Desde 2003, muita coisa aconteceu. Se você não acompanhava a NFL naquela época, os Rams – ainda em St. Louis – tinham um ataque extremamente potente e capaz de colocar pontos no placar tão facilmente quanto uma faca quente passa seu fio por uma manteiga. Naquele ano, Kurt Warner já não era mais o titular. O preferido do técnico, outrora coordenador ofensivo do time, Mike Martz, era Marc Bulger. Com ele no comando do navio, os Rams chegaram até a final da Conferência Nacional, onde perderam para o Carolina Panthers.



14 anos depois, o ataque dos Rams, de maneira surpreendente, move as correntes com facilidade e, acredite ou não, depois do desastre do ano passado, são os melhores da NFL em pontos por jogo: 32.9 pontos por partida um ano depois de serem os segundos piores, com 14. As comparações entre os dois times, separados por 2558 km e 14 anos, vai além. McVay e sua unidade ofensiva marcaram 263 pontos em seus oito primeiros jogos. O único técnico a fazer mais no mesmo espaço amostral? Mike Martz, com os Rams, em 2000.
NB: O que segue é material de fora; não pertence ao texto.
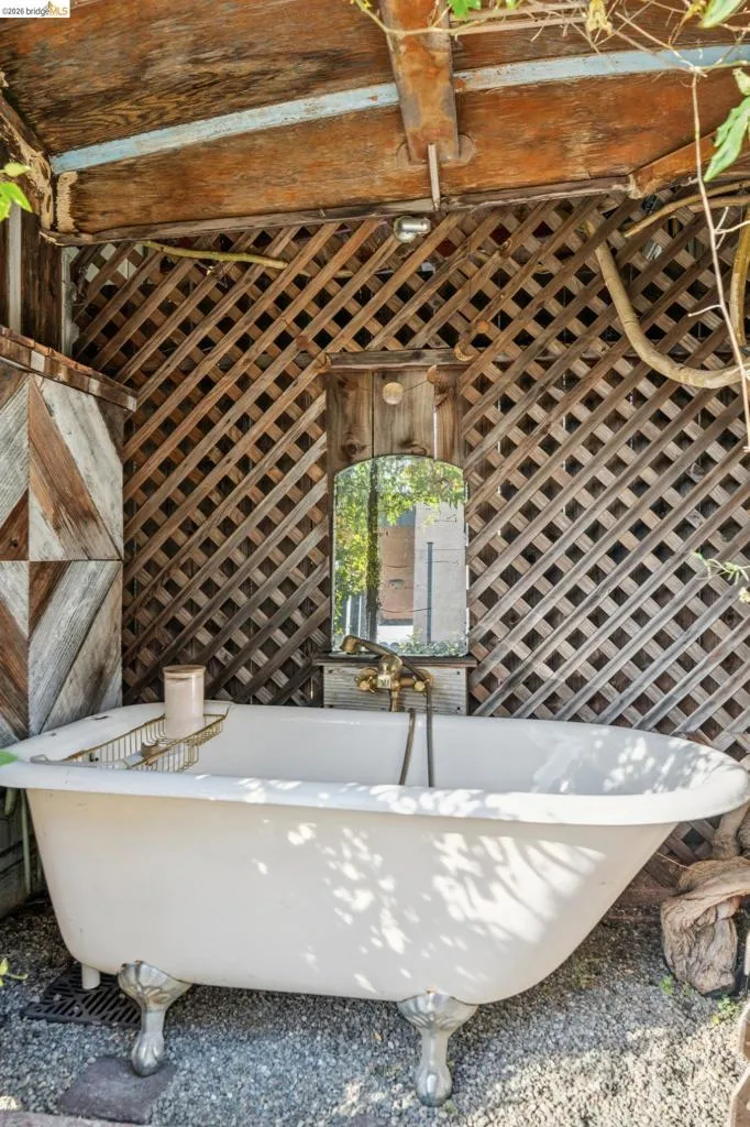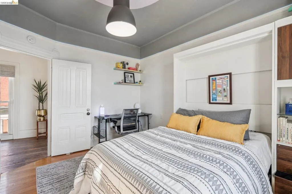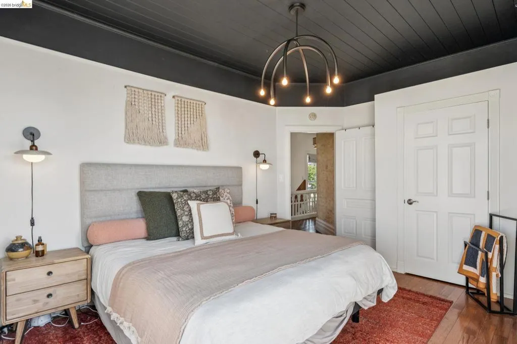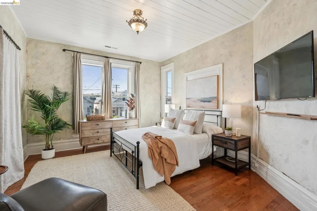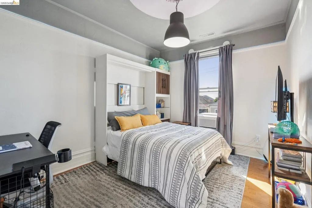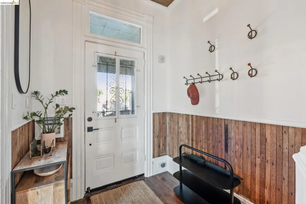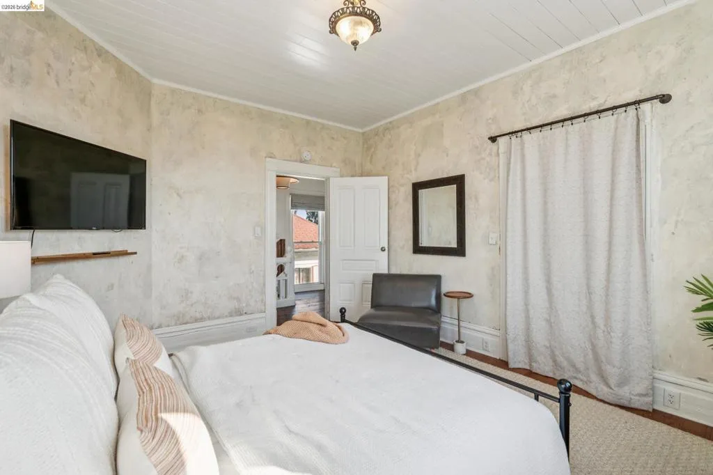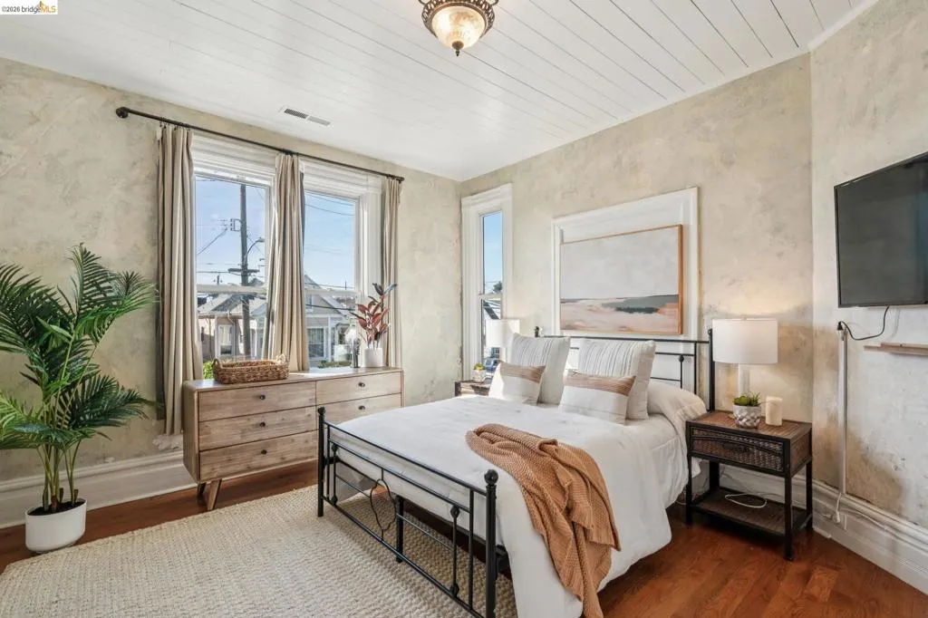 What happens when a gifted artist's wonderland gets a modern soul? This 6bd/2.5ba Victorian stunner at 2503 E 16th Street, Oakland, is the 3,314 sq ft* jewelry box you've heard whispers about — eclectic, warm, and dripping with character — but now she's been loved even more. The entry greets you with greenery and florals. Inside, natural light pours through the parlor, illuminating custom wallpaper, bronze pocket doors, and original wood floors. Antique embossed tin ceilings run throughout, creating a rich opulence that stops you in your tracks. The dining room brings brick, abundant windows, and room for all your vibrant dinner parties. The kitchen is fresh, with new (2026) paint and refrigerator. Upstairs, a Murphy bed and smart storage make the back bedroom work harder, and the updated vanity in the bathroom and resurfaced clawfoot tub feel polished and intentional. Out back, the converted garage is ready for your creative vision — redwood boards, custom window treatments, new (2026) torch down roof overhead. The bonus room now has a proper kitchenette (butcher block, sink, cabinets, fridge), making it a legitimate home office, guest suite, or income opportunity*. The side yard is flagstone and landscaped. There's a cedar fence framing the front yard, a Tesla charger in place, and a hot tub running on an efficient heat pump system. This beguiling Victorian has always had it all. Now it has even more. 2503 E 16th Street is in a convenient location close to downtown Oakland, San Francisco, and transportation nodes. Sewer and sidewalk compliant.

O trabalho feito por Sean McVay neste ano mostra que comissão técnica, sim, faz diferença na NFL. Não que isso tire méritos de Jared Goff e Todd Gurley. Mas as peças certas no quebra-cabeça foram colocadas e o talento de ambos está sendo maximizado. É isso que uma comissão técnica e uma diretoria têm de fazer: dar condições para maximizar talentos.

Isso foi feito de diferentes maneiras. Não vou entrar nos nuances táticos da coisa, porque já fiz isso neste texto, especialmente na parte do ataque. De modo resumido e fora da questão tática per se, os Rams utilizam as peças do modo adequado. Isso já ilustra – bem como o resto do texto – sobre como McVay é um forte candidato para ser Técnico do Ano.
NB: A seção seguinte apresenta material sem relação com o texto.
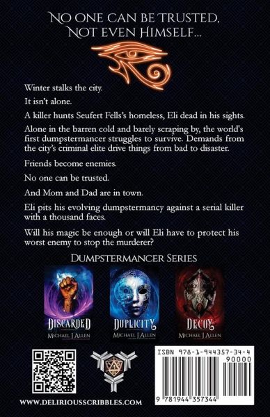 ¿Two weeks of freedom hasn’t been enough for Eli to rebuild his life. While he races to prepare for looming winter, a killer’s crusade to exterminate Seufert Fells’s homeless drives a knife into the city’s criminal elite. Forced to hunt a killer disguised by magic, Eli’s world becomes a house of mirrors. Friends become enemies. Deceptions abound, and the magic that saved Eli threatens to consume him. ¿With the serial killer targeting everything ¿he ¿loves, even new dumpstermancer ¿ spells might not be enough. Eli may have to protect his worst enemy to defeat a killing machine with a thousand faces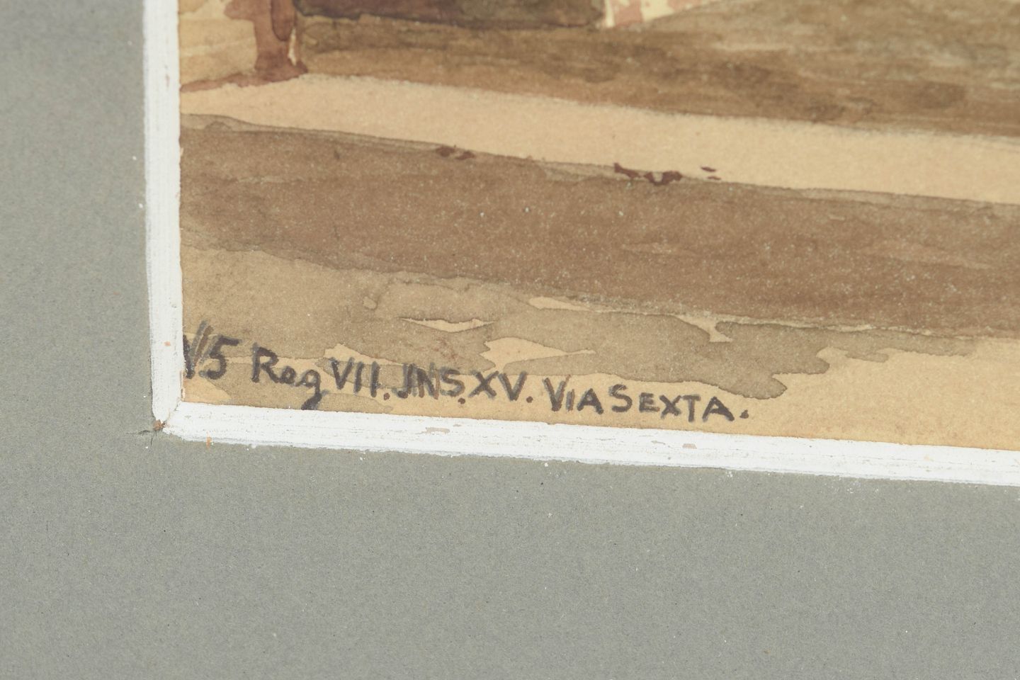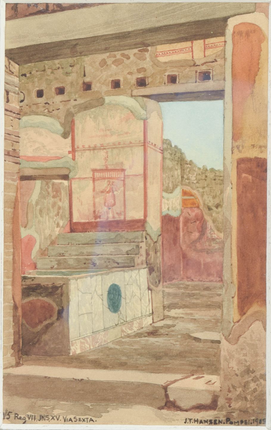 Architectural view from Pompeii with classical building fragments and spatial perspective, executed as a watercolour in muted earth tones and warm ochres. Signed and dated Pompeii 1905.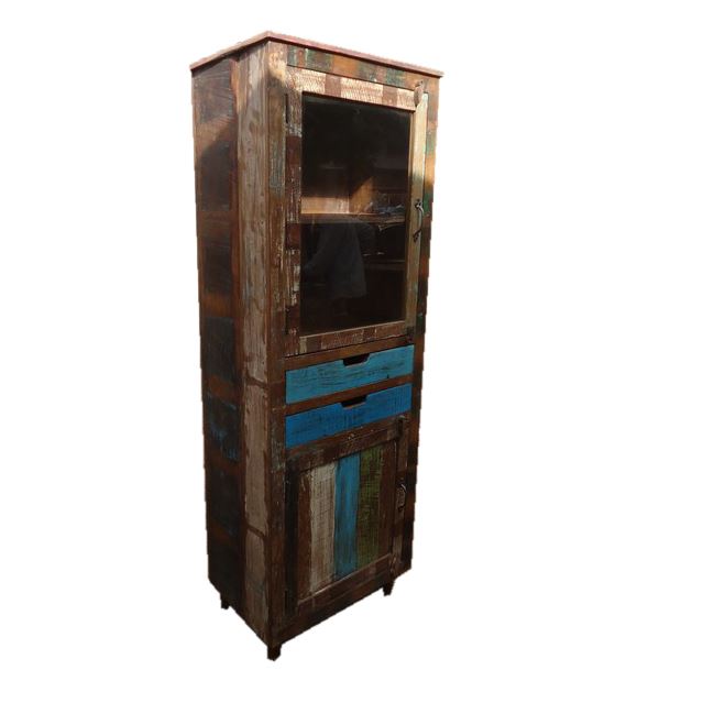 RECYCLED WOODEN 2 DOOR 1 GLASS ALMIRAH WITH 2 DRAWER

Andrew Whitworth, por exemplo, é uma das melhores contratações deste ano. Sua idade avançada não é demérito. Numa NFL que tem cada vez mais problemas de lapidar os prospectos de linha ofensiva – inúmeros motivos explicam, não vamos perder tempo com isso – Whitworth é uma adição que sozinho já melhora incrivelmente a linha ofensiva. Aqui, o mérito é a experiência. Pode parecer que linha ofensiva é uma posição exclusivamente física, mas é muito técnica. E ele a tem.

No resto do ataque, Sammy Watkins chegou para esticar o campo e ser usado em bombas que fazem a defesa se preocuparem com a profundidade. Por tabela, a defesa adversária não pode se dar ao luxo de colocar sempre oito homens no box e isso abre espaço para Gurley e as corridas. Cooper Kupp, calouro escolhido na terceira rodada deste ano, é uma máquina de recepções no flat e estica o campo horizontalmente. Com esses três, o desenho ofensivo fica impossível de defender sempre. Para adicionar, os dois tight ends também estão jogando bem – Everett e Higbee.
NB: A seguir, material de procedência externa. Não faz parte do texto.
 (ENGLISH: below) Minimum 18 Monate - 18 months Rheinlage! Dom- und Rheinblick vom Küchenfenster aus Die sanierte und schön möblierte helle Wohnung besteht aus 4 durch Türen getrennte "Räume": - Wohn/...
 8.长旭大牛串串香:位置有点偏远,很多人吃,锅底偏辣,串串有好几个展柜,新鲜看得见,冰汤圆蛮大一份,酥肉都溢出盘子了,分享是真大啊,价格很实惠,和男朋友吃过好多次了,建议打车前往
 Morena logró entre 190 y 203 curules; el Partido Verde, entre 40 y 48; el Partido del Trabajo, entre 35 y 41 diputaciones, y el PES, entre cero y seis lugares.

Chegamos ao ponto que Jared Goff entra na equação. O jogo de ontem demonstra como o princípio-base do ataque angelino não é a quantidade: é a qualidade e a eficiência. Tudo isso que eu disse acima dá margem para que Goff entre como se estivesse com a “barrinha do especial” cheia. E vem sendo fatality atrás de fatality.

A eficiência resume o ataque dos Rams em 2017

Goff teve apenas 14 passes completos e uma quantidade minúscula de passes lançados: 22. Com eles, foram mais de 300 jardas e quatro touchdowns lançados. Adivinha quem foi o último quarterback a fazer isso? Kurt Warner em 2000, com Mike Martz.

Ambas as unidades entendem que vence o jogo quem coloca mais pontos no placar. Não importa como. Se Goff passar a bola 22 vezes por jogo, o fará com eficiência e, sendo poucos passes, a defesa estará pensando menos nesses – e menos preparada para tanto… Mais eficiente ele será.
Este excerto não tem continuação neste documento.